- [Stored records]:
>>>>
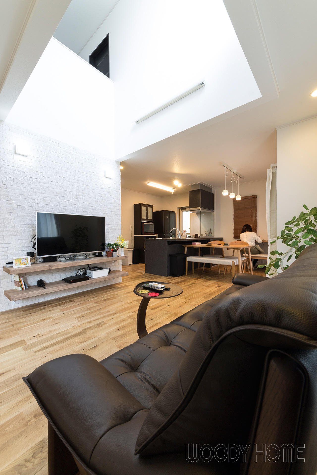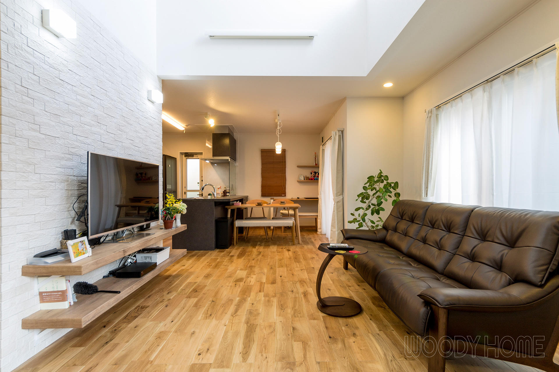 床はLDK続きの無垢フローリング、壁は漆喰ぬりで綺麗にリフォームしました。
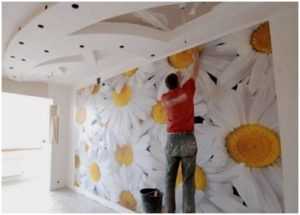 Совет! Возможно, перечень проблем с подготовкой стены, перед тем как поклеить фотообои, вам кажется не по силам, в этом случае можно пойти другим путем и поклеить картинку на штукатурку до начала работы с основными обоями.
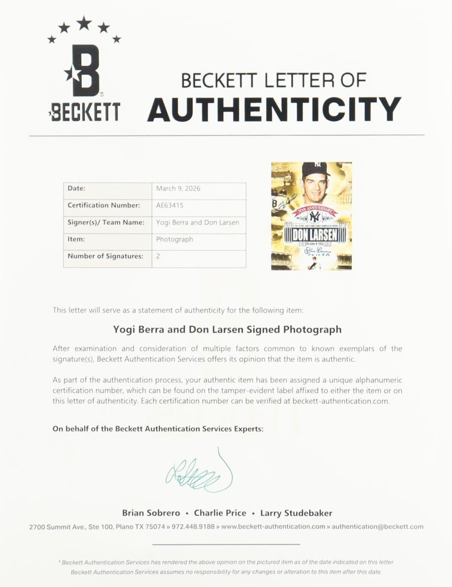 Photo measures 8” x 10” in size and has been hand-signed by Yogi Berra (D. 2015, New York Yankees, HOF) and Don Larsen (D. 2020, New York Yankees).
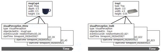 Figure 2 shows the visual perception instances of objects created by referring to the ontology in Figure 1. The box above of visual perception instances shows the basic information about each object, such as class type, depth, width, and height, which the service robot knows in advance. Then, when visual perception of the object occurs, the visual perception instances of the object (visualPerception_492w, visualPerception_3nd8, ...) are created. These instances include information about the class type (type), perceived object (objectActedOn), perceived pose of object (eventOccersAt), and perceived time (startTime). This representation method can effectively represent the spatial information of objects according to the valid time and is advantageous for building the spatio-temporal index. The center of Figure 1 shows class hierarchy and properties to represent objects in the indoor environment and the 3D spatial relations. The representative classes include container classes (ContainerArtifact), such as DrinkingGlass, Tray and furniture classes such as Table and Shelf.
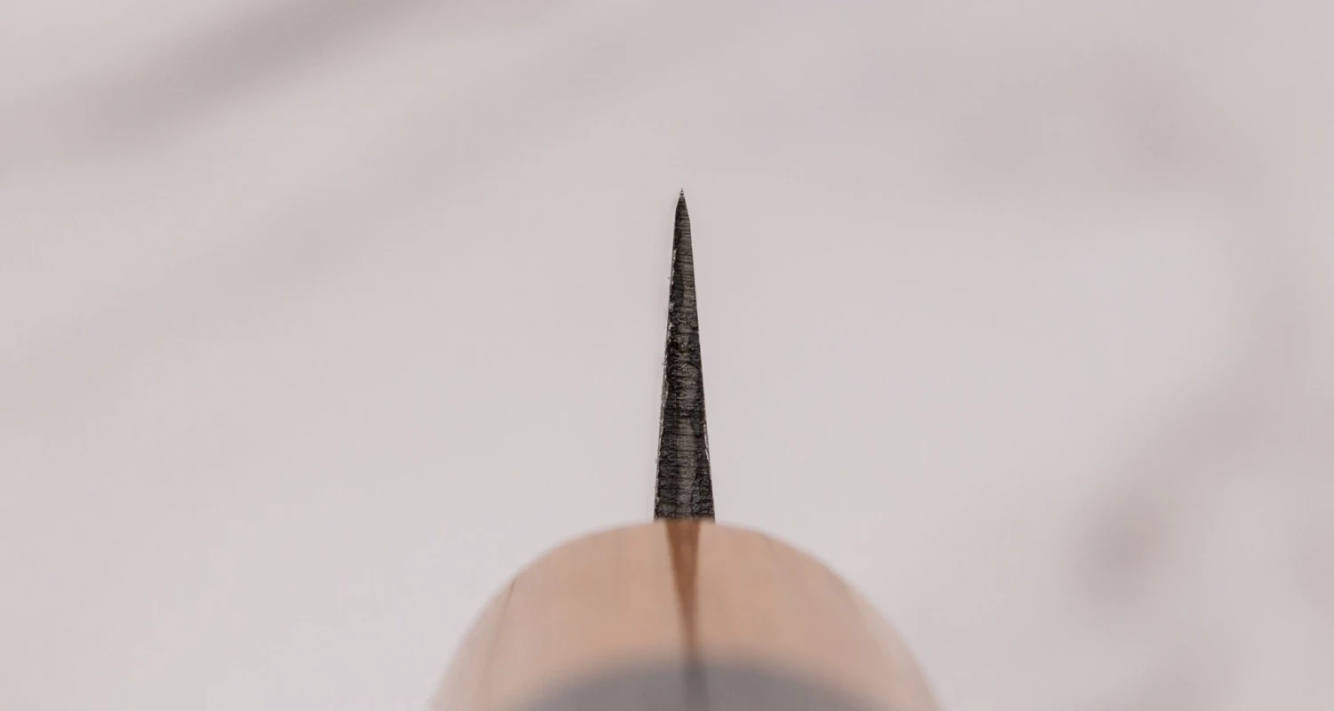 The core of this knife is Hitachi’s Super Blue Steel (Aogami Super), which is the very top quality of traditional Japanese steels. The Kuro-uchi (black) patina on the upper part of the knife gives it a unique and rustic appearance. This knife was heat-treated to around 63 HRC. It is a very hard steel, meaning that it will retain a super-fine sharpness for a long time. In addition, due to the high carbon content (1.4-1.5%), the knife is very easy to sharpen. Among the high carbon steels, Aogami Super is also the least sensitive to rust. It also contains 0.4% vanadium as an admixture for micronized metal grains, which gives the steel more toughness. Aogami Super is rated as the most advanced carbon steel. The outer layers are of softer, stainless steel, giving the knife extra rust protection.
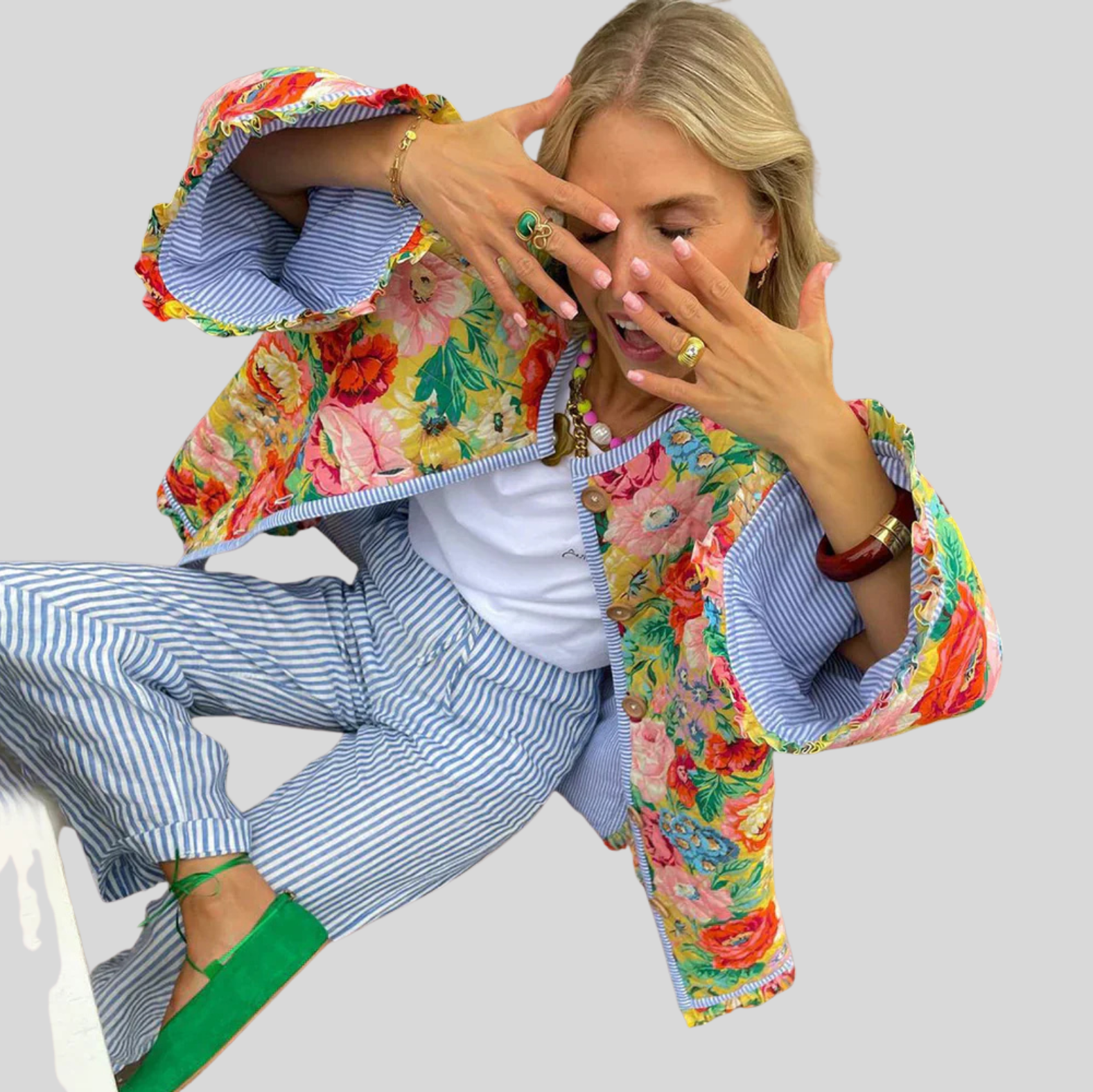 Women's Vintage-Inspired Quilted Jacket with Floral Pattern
<<<<
- [YOUR GOAL]: Once the line containing "Figure 2 shows" has been located, transcribe exactly and only every line from the first line of the entries through it, excluding pictures.

- [RESULT BELOW]:
 床はLDK続きの無垢フローリング、壁は漆喰ぬりで綺麗にリフォームしました。
 Совет! Возможно, перечень проблем с подготовкой стены, перед тем как поклеить фотообои, вам кажется не по силам, в этом случае можно пойти другим путем и поклеить картинку на штукатурку до начала работы с основными обоями.
 Photo measures 8” x 10” in size and has been hand-signed by Yogi Berra (D. 2015, New York Yankees, HOF) and Don Larsen (D. 2020, New York Yankees).
 Figure 2 shows the visual perception instances of objects created by referring to the ontology in Figure 1. The box above of visual perception instances shows the basic information about each object, such as class type, depth, width, and height, which the service robot knows in advance. Then, when visual perception of the object occurs, the visual perception instances of the object (visualPerception_492w, visualPerception_3nd8, ...) are created. These instances include information about the class type (type), perceived object (objectActedOn), perceived pose of object (eventOccersAt), and perceived time (startTime). This representation method can effectively represent the spatial information of objects according to the valid time and is advantageous for building the spatio-temporal index. The center of Figure 1 shows class hierarchy and properties to represent objects in the indoor environment and the 3D spatial relations. The representative classes include container classes (ContainerArtifact), such as DrinkingGlass, Tray and furniture classes such as Table and Shelf.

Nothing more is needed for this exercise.